Cooper: “To be a dipshit?”
Of course, Chulack and Muro killed it. Of course they did. They shot and lit it with brutal, pared-down style, keeping the camera close and low to the ground. It was the kind of lighting and directing that almost stripped itself away, making you feel as though you were immersed in nothing other than the rawest of truths in every beat, every scene.
Which brings us to the acting.
This may be the finest ensemble in TV right now.
Ben McKenzie and Shawn Hatosy nailed the fractious, buddy/brotherly relationship between Sherman and Bryant. McKenzie portrayed Sherman’s unease at his newest level of celebrity, while Hatosy was utterly compelling as a father under huge pressure, dealing with a crazy ex-wife, barely controlling his rage from boiling over. Lisco’s script had Sherman and Bryant butting heads, cracking jokes, having each other’s backs, and McKenzie and Hatosy handled every single beat with extreme presence, energy and truth. Regina King showed us a mother barely holding it together as she dealt with the immense stress of being a single mom, as well as the immense stress of being a detective; King was incredible, as she always is.

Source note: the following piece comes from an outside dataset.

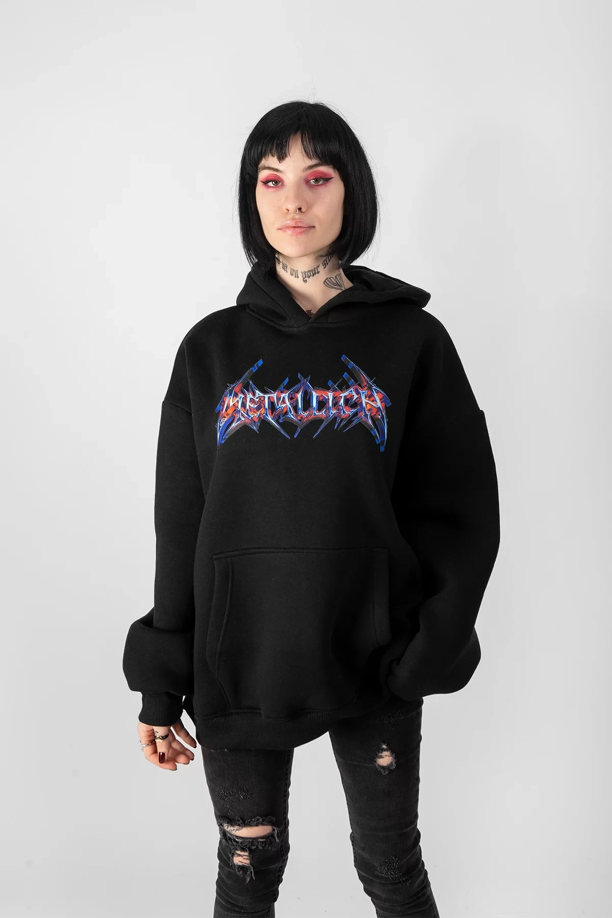 Colourful Metallica Logo Baskılı Oversize Unisex Siyah Hoodie
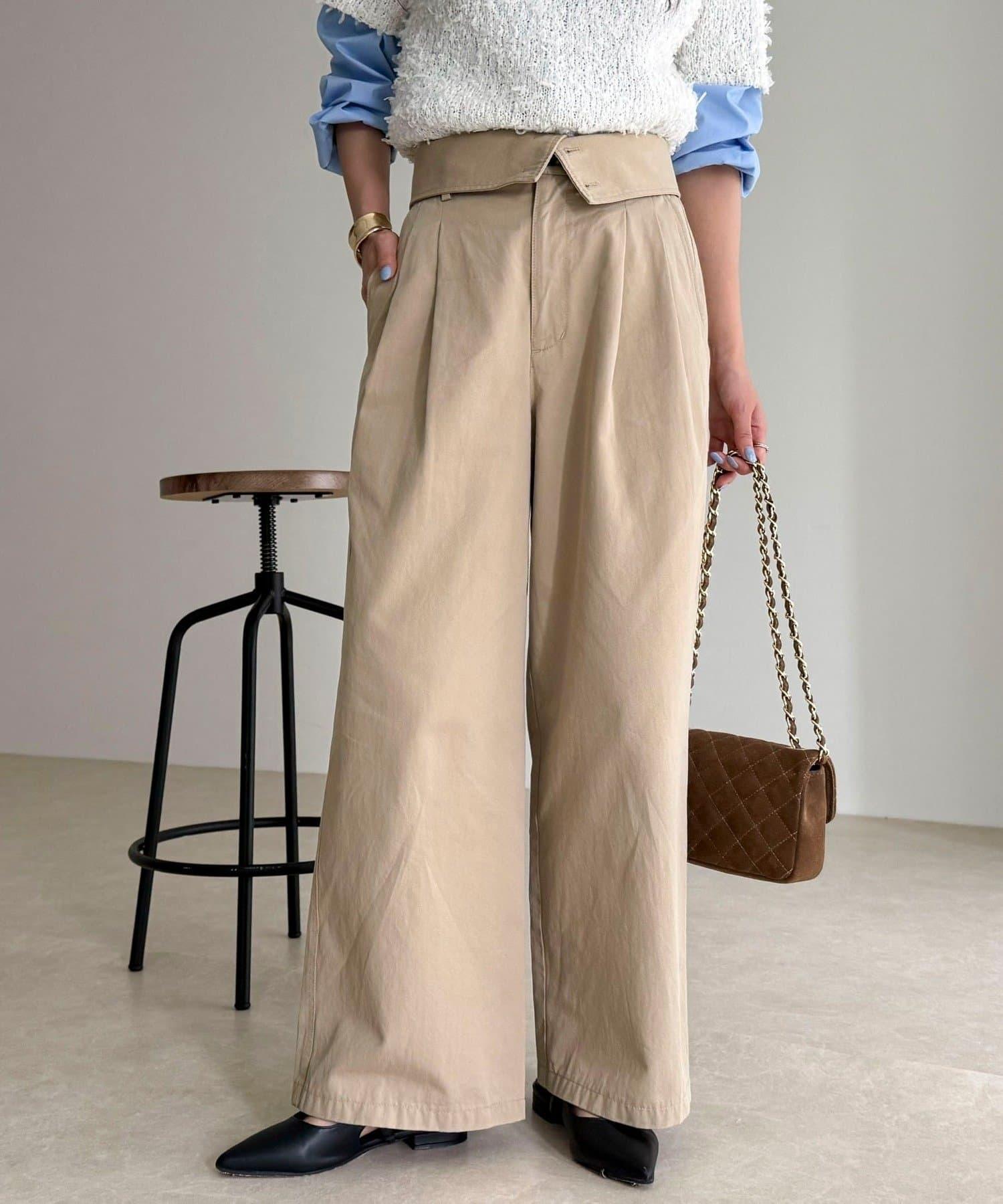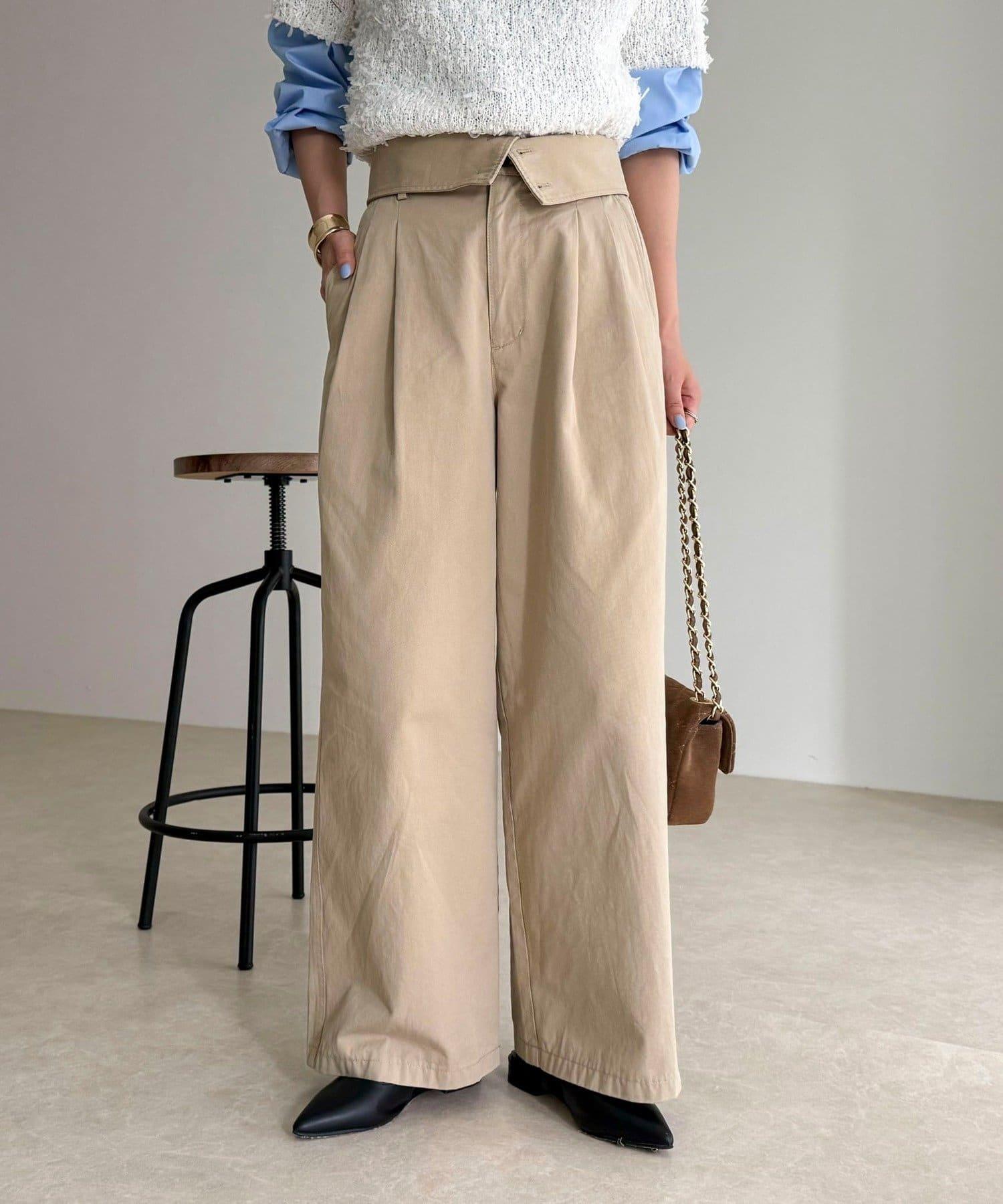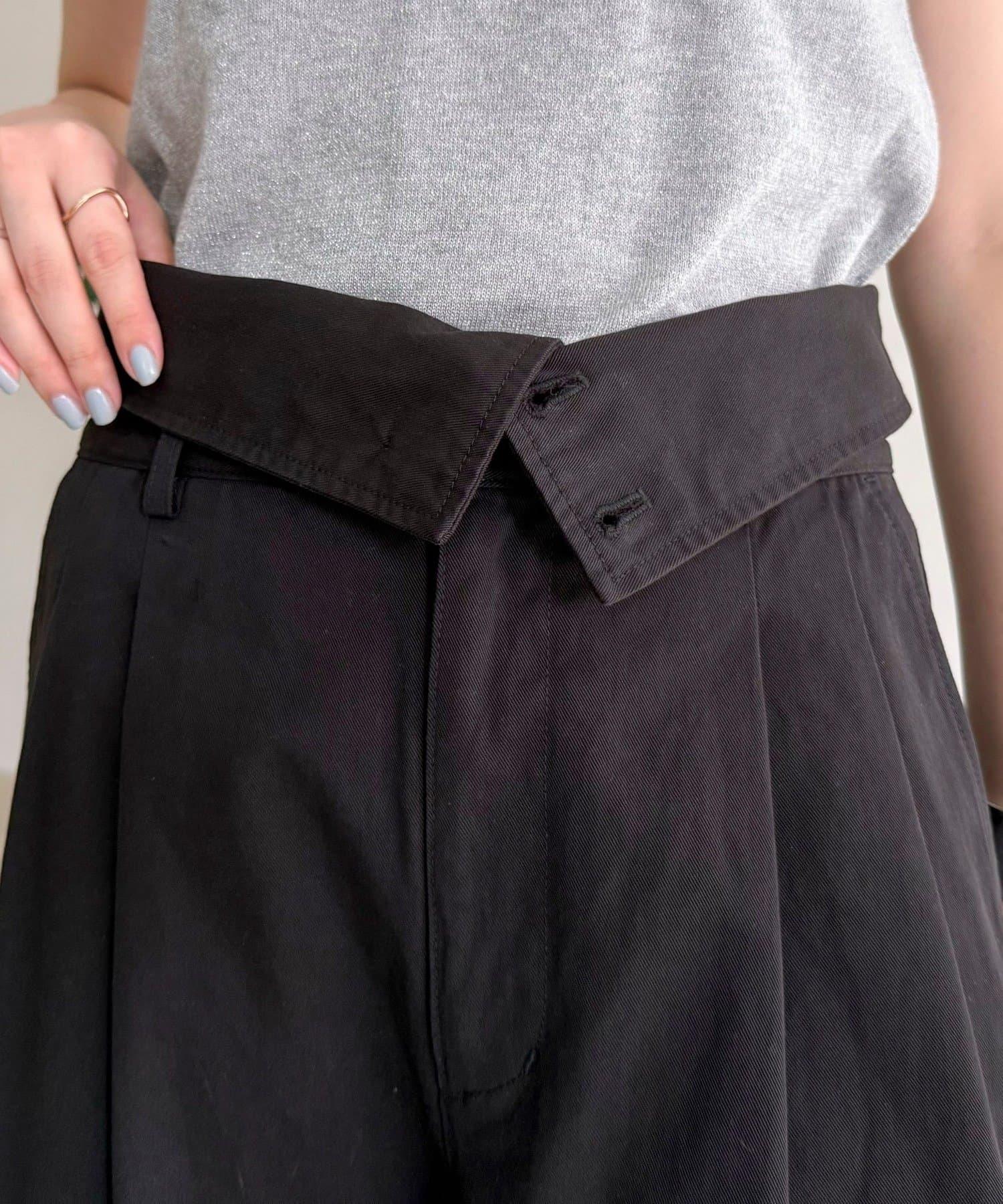 腰部可以向後摺疊,改變褲子的外觀和感覺!這款雙向收腰長褲既能讓你看起來更時尚,又能提升你的氣質。

And then there was Cudlitz.
He gave us an astonishing spectrum of emotions in this episode. Lisco gave him great material to work with — having to be even more hard-ass than usual with his newest boot, an ex-military powerhouse with attitude to spare — as well as peeling back the layers to show the lonely soul beneath the surface who just craves companionship, and, maybe, even though he’d never admit it, love. Brilliant work from Cudlitz from start to finish.
Tommy Howell is a legend, and it’s great to see him promoted from recurring to regular.
On every level, this really is a show that grabs you and doesn’t let you go. It makes you feel like it just threw you off a balcony. There’s a vertiginous sense of falling that pulses through this show — that dread is part of its power, because anything can happen at any time.
All in all, this was a truly fantastic start to what promises to be an amazing fifth season for SouthLAnd. It’s a show that just keeps on getting better, season after season. That’s a rarity in TV drama. This show really is one of a kind; can’t say thank you to TNT enough for believing in it too.
Random witness statements:
- Few things are more pleasing at this point than hearing”hey numbnuts!”
- Jeez, Sherman — Sammy just really wants to clean up some blood this episode, okay?
- “Welcome to the info age. Instant riots — just add tweets.”
- So much screaming in this episode
- Bryant on Sherman’s new haircut: “They remaking Taxi Driver?”